In the recent past the concept of portable biolabs obeyed mostly to security purposes, for instance to respond to a biological warfare threat. Nowadays we see a renovated interest for biopharma manufacturing facilities that can be deployed quickly anywhere, let’s say in the order of few weeks, to fight pandemic outbreaks at their early onset. The new generation of mRNA vaccines are an important enabler for this development: they can be produced rather quickly, in millions of doses, with smaller equipment. But rather than a true portable plant we see a trend towards compact, dismountable autonomous clean rooms and equipment that can be transported, assembled and qualified on site, with footprints the range of 100 m². Some pharmaceutical manufacturing companies are already offering this solution with containerised mRNA production plants. The idea is to integrate a) the process know-how, b) the modularised cleanroom system, and c) the process and support equipment. In our recent experience the most innovative vaccine developers are the best promoters of this new portable concept.

On the other side, the biggest challenge to this kind of facilities is still the approval process by the local authorities, both for the drug approval and for the authorisation of the manufacturing facility.

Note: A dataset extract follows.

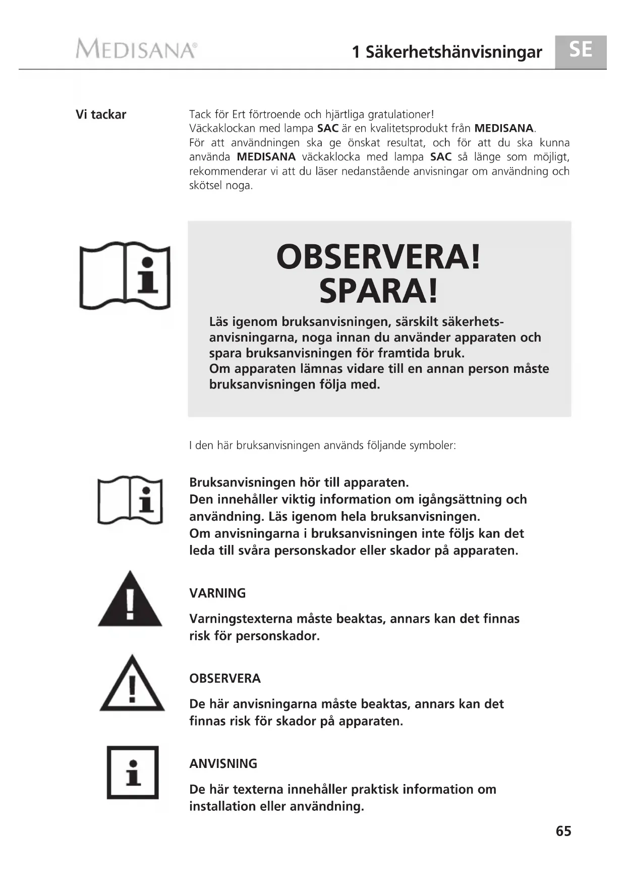 1 Säkerhetshänvisningar Vi tackar Tack för Ert förtroende och hjärtliga gratulationer! Väckaklockan med lampa SAC är en kvalitetsprodukt från MEDISANA. För att användningen ska ge önskat resultat, och för att du ska kunna använda MEDISANA väckaklocka med lampa SAC så länge som möjligt, rekommenderar vi att du läser nedanstående anvisningar om användning ochskötsel noga. OBSERVERA! SPARA! Läs igenom bruksanvisningen, särskilt säkerhets- anvisningarna, noga innan du använder apparaten och spara bruksanvisningen för framtida bruk. Om apparaten lämnas vidare till en annan person måste bruksanvisningen följa med. I den här bruksanvisningen används följande symboler: Bruksanvisningen hör till apparaten. Den innehåller viktig information om igångsättning och användning. Läs igenom hela bruksanvisningen. Om anvisningarna i bruksanvisningen inte följs kan det leda till svåra personskador eller skador på apparaten. VARNING Varningstexterna måste beaktas, annars kan det finnas risk för personskador. OBSERVERA De här anvisningarna måste beaktas, annars kan det finnas risk för skador på apparaten. ANVISNING De här texterna innehåller praktisk information om installation eller användning. GA_SAC_West_Final_neu.qxd:Lichtwecker 15.10.2008 12:17 Uhr Seite 6566 1 Säkerhetshänvisningar / 2 Drift

This limits the usage of portable manufacturing facilities to the emergency situations – and it will stay so in the foreseeable future.

9. What are the regulatory approval challenges?

A prefabricated modular pharma facility is eventually inspected by the same authorities, using the same acceptance criteria of any other pharmaceutical facility. The inspectors expect to see the same quality of the finishes, of process and process support, of building monitoring and control and of the air treatment systems. The challenge, therefore, is to be at least on par with traditional stick-built premises in terms of quality, reliability, product and personnel protection.

The biggest challenges in our experience are a) the design of a GMP compliant module, that is a structure built in pieces that once assembled ensures the same performances of a traditional facility, b) the risks during the transportation, both for mechanical or water damages and for the potential contamination by molds, fungi or other pests.

We at Exyte leveraged our modular experience to mitigate these risks with clever design choices. As an example, the pharma walls of the ExyCells are either sourced locally or transported separately in bulk with sturdy water-proof protections. This simple solution prevents water damage and any related mold or fungi contamination – a serious threat to the business continuity.

10. Any closing thoughts on Exyte for the benefit of our readers?

At Exyte, we strongly believe in the power of innovation: “bring the future of technology to life” is our motto. We strive to combine this passion for innovation with a reliable, predictable delivery of our projects.

AUTHOR BIO

Luca holds a degree in Chemical Engineering from the Polytechnic of Milan. Over 30+ years with major engineering companies he realized large CapEx programs of state-of-the-art biopharma facilities internationally. Currently VP Innovation and Technology for Exyte, he develops and deliver innovative solutions for flexible, standardized modular GMP facilities.